Monday, March 16, 2009
What Was I Thinking!
For about 15 years I kept a journal. For me, that is a miracle A real one. I am not famous for my perseverance. It suddenly hit me that, ever since I started blogging, I have stopped journalling. That is so dumb. Because what I write about in my journals is way different from my posts It was the fire (see 2 previous posts) that suddenly reminded me about the journals. People talking about what they would really mourn losing in a fire: the irreplaceable things - like photos. And I thought: my journals! The value of those books to me is HUGE. I have, over the years, tried to document the braiding together of the ordinary rhythms of my life with the interventions and breathings of God in it.
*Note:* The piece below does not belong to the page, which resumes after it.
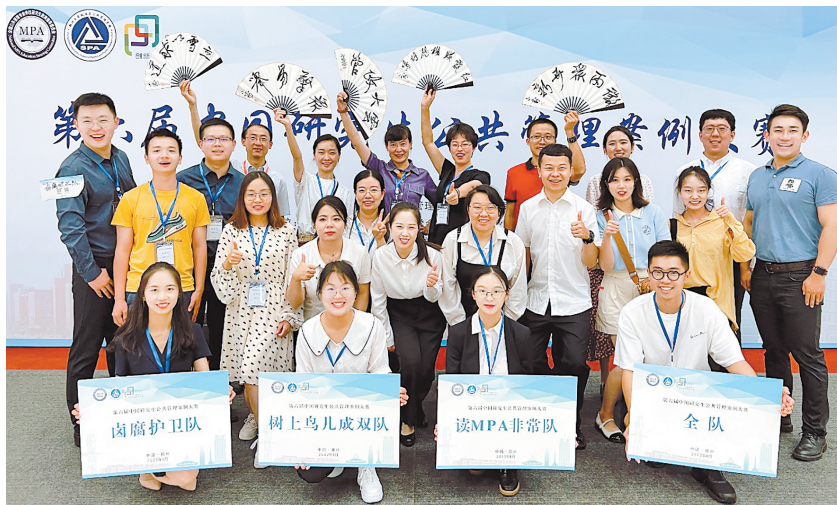
第六届中国研究生公共管理案例大赛云南大学斩获全国一等奖2项、二等奖2项、三等奖2项。

着力推进分类培养，深入实施研究生培养机制改革。确立学术学位以理论素养和创新能力培养为重点，专业学位

Those things can come into sharp focus when seen from a broader perspective Thats what these journals provide. I can now skim though years in an hour or so And see how prayers that seemed to have gone unheard, have actually been answered but in an unrecognized way. How sometimes the difficult times have themselves been the springboards into the answers to my deepest requests. How pouring out my heart on paper about difficult children sometimes just issued into a sublime window into the heart of God - Himself the Father, and I would see that I often did those very things to Him Family life became a teaching cameo The meshing of practical and divine gives the mundane incandescence and gives the divine, present reality. And that is recorded there And is utterly priceless to me. I don't want to let go of that - What was I thinking!?